Sous-types du syndrome de l’intestin irritable
SII-D : Diarrhée prédominante
Plus de 25% des selles sont liquides ou très molles et moins de 25% sont dures. La vitesse des aliments dans l’intestin est rapide, ce qui laisse peu de temps au côlon pour réabsorber l'eau, entraînant des selles plus liquides. Ce sous-type peut être accompagné d'un sentiment d'urgence à évacuer les selles et d’incontinence.
SII-C : Constipation prédominante
Il y a présence de douleurs abdominales récurrentes associées à la défécation, une réduction de la fréquence des selles ou des selles dures plus de 75% du temps.

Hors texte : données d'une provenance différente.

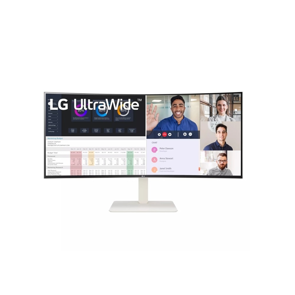 - LG 38″ WR85QC 144Hz 1ms Nano IPS UltraWide Curved Monitor HDR600 WQHD HDMI 2.1 USB-C 90W KVM Speaker, White

La vitesse des aliments dans l'intestin est lente, ce qui permet une réabsorption importante de l'eau par le côlon, rendant les selles plus dures et difficiles à évacuer.
SII-M : Mixte
Il y a présence de diarrhée et constipation en alternance (mixte) plus de 50% du temps.
SII-U : Non classifiable
Ce sous-type concerne les personnes qui répondent aux critères de diagnostic du syndrome de l'intestin irritable, mais dont les habitudes intestinales ne correspondent à aucun des trois sous-types décrits ci-dessus.
Dépistage et diagnostic
Il est important de ne pas s’autodiagnostiquer. Suite à l'apparition de symptômes digestifs, il est recommandé de consulter un médecin afin d'écarter la possibilité de maladies plus graves. Le diagnostic du syndrome de l'intestin irritable repose principalement sur une évaluation des symptômes et l’exclusion d’autres conditions, car il n'existe actuellement aucun test ou marqueur spécifique pour cette condition.
Afin d'établir un diagnostic fiable, le médecin prend en compte l'histoire médicale du patient et peut réaliser divers tests et examens pour exclure d'autres maladies ou conditions susceptibles de provoquer des symptômes similaires, comme par exemple la maladie cœliaque.

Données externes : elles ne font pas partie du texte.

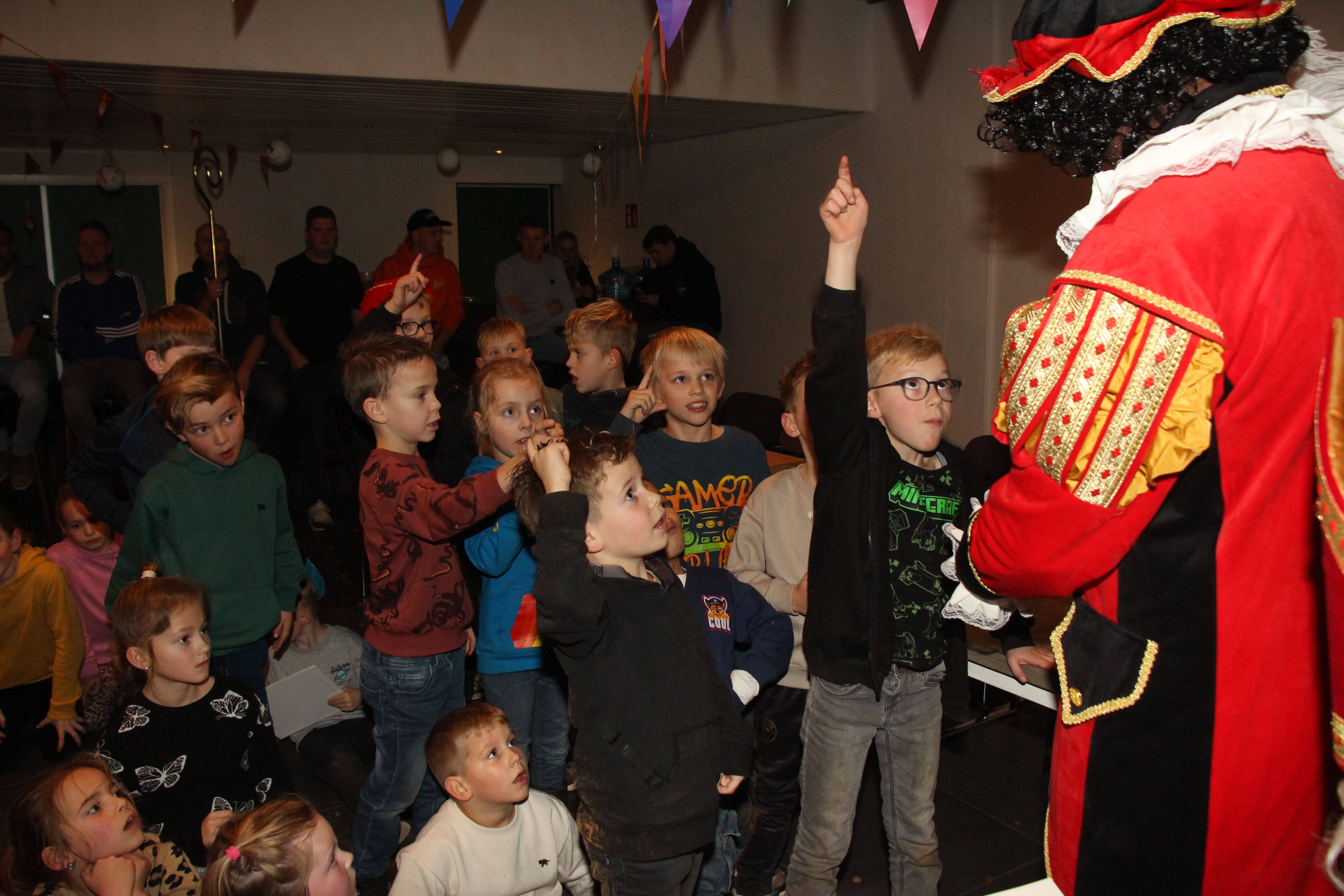 De spelertjes vanaf de welpen t/m JO9 waren in opperste staat van opwinding toen Sint met zijn Pieten binnenkwam. Maar wat zij niet hadden gezien was dat Sint en zijn gevolg eerst nog even de eetgroep van de Wijkvoorziening in de kantine had toegesproken.

Si le médecin exclut la présence d'autres maladies, il peut alors poser un diagnostic de syndrome de l'intestin irritable si les symptômes correspondent aux critères de Rome IV.
Critères de Rome IV
Présence de douleurs abdominales récurrentes pendant au moins un jour par semaine (en moyenne) au cours des trois derniers mois, associées à au moins deux des éléments suivants :
• Les douleurs sont liées à la défécation.
• Les douleurs sont associées à une modification de la fréquence des selles.

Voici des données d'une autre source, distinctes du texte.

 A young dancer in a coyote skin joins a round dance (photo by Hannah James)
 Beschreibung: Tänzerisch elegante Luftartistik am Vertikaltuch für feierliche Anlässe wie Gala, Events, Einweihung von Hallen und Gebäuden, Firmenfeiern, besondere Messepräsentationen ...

• Les douleurs sont associées à un changement de forme (consistance) des selles.
L’apparition des symptômes doit dater d’au moins six mois avant le diagnostic.
Certaines caractéristiques spécifiques nécessitent une attention immédiate et ne doivent pas être négligées, car elles pourraient indiquer la présence d'une maladie plus grave que le SII. Ces caractéristiques incluent notamment :
• Présence de sang dans les selles
• Anémie
• Perte de poids involontaire
• Fièvre
• Diarrhée quotidienne
• Antécédents familiaux de maladies intestinales, tels que la maladie de Crohn, la colite ulcéreuse ou le cancer colorectal
Si vous présentez l'une de ces caractéristiques, consultez rapidement un médecin afin d'écarter d'autres problèmes de santé potentiels.
Qu’est-ce qui cause les symptômes?
Les mécanismes exacts à l’origine des symptômes du syndrome de l'intestin irritable demeurent un domaine de recherche très actif. Plusieurs éléments semblent jouer un rôle dans cette condition complexe. Voici une explication simplifiée de ces mécanismes :
Dysfonctionnement de la communication cerveau-intestin
Une communication inadéquate entre le cerveau et l'intestin semble être au cœur de la condition. Cette altération peut entraîner des symptômes en réponse au stress et à l'anxiété. En d'autres termes, le cerveau et l’intestin ne communiquent pas de manière optimale, ce qui peut amplifier la perception de la douleur et des symptômes digestifs.
Altération de la motilité intestinale
La motilité intestinale, qui désigne la vitesse à laquelle les aliments se déplacent dans le système digestif, peut être perturbée chez les personnes atteintes de SII. Cela peut entraîner des variations dans la fréquence et la consistance des selles. Par exemple, une motilité accrue peut provoquer de la diarrhée, tandis qu'une motilité réduite peut entraîner de la constipation.
Sensibilité intestinale accrue
Les personnes atteintes du SII semblent avoir une sensibilité intestinale accrue, ce qui signifie que leur cerveau interprète de manière exacerbée les signaux provenant des nerfs intestinaux. Par exemple, lorsque la paroi intestinale est étirée (comme par des gaz produits pendant la digestion), cela peut déclencher une réaction de douleur plus intense chez les personnes atteintes de SII.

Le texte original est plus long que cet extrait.